Thanks Jim. Those are all great suggestions but unfortunately it has been a problem of politics to get state help with wineries and grapes. They have supported some of our research programs for the ND Grape and Wine Association but here it is the huge farms growing wheat, soybeans and corn that control all of that. So, I won't make any inroads there.


----------



## grapeman (Jun 4, 2013)

Sounds like here in NY Greg. It is all the mega farms that get the funding. They say they help the small farms out, but then the regulations make the average person give up. Let me know what you find for funding sources. I haven't had any luck with any and must grow very slowly.


----------



## jswordy (Jun 7, 2013)

GreginND said:


> Thanks Jim.

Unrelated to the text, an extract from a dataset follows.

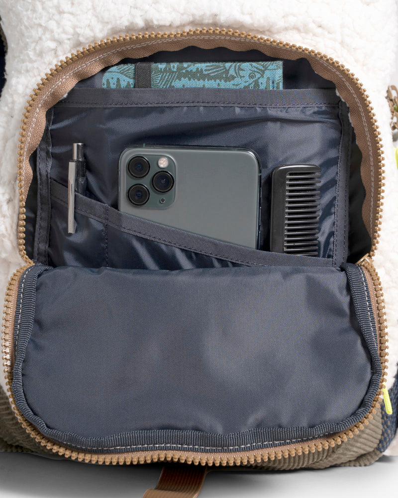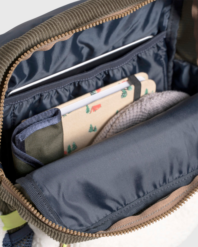 Get ready for some warm fuzzies. Our signature 9L Sidekick got a snuggly makeover with recycled sherpa and organic cotton corduroy accents. Perfect for everything from snowy hikes to daily errands.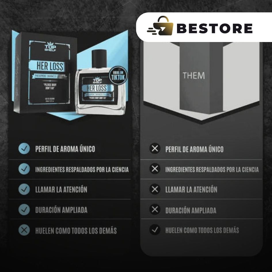 Diseñado con una fórmula única de feromonas, despierta los sentidos y eleva tu atractivo natural a otro nivel. Her Loss: el perfume que transforma cada encuentro en una experiencia seductora y magnética. ¡Siente el poder de seducir con solo un susurro de tu fragancia! Envío Gratis y Pago al Recibir.

Those are all great suggestions but unfortunately it has been a problem of politics to get state help with wineries and grapes. They have supported some of our research programs for the ND Grape and Wine Association but here it is the huge farms growing wheat, soybeans and corn that control all of that. So, I won't make any inroads there.



SARE is a federal program administered by multi-state regions.

As a rich old man once told me when I asked him his secret to success:

"If you think you shouldn't, you don't. If you think you can't, you won't. Success is all in your state of mind."


----------



## jamesngalveston (Jun 8, 2013)

I was knew a girl that got 90,000 from the feds a year to study armadillo mating habits...she had like 4 in a pen, she never studied anything.


----------



## DaveL (Aug 28, 2013)

I am pouring concrete at a neighbors alpaca farm next week. They got money from the forestry dept to control manure run off. Pays more than %100. After we pay costs of project we will each pocket $ by doing the work ourselves. 
Fed program and small farmer. All that is needed is that you make and sell a product from the property and it must stay in place for 10 years even if you move or close.


----------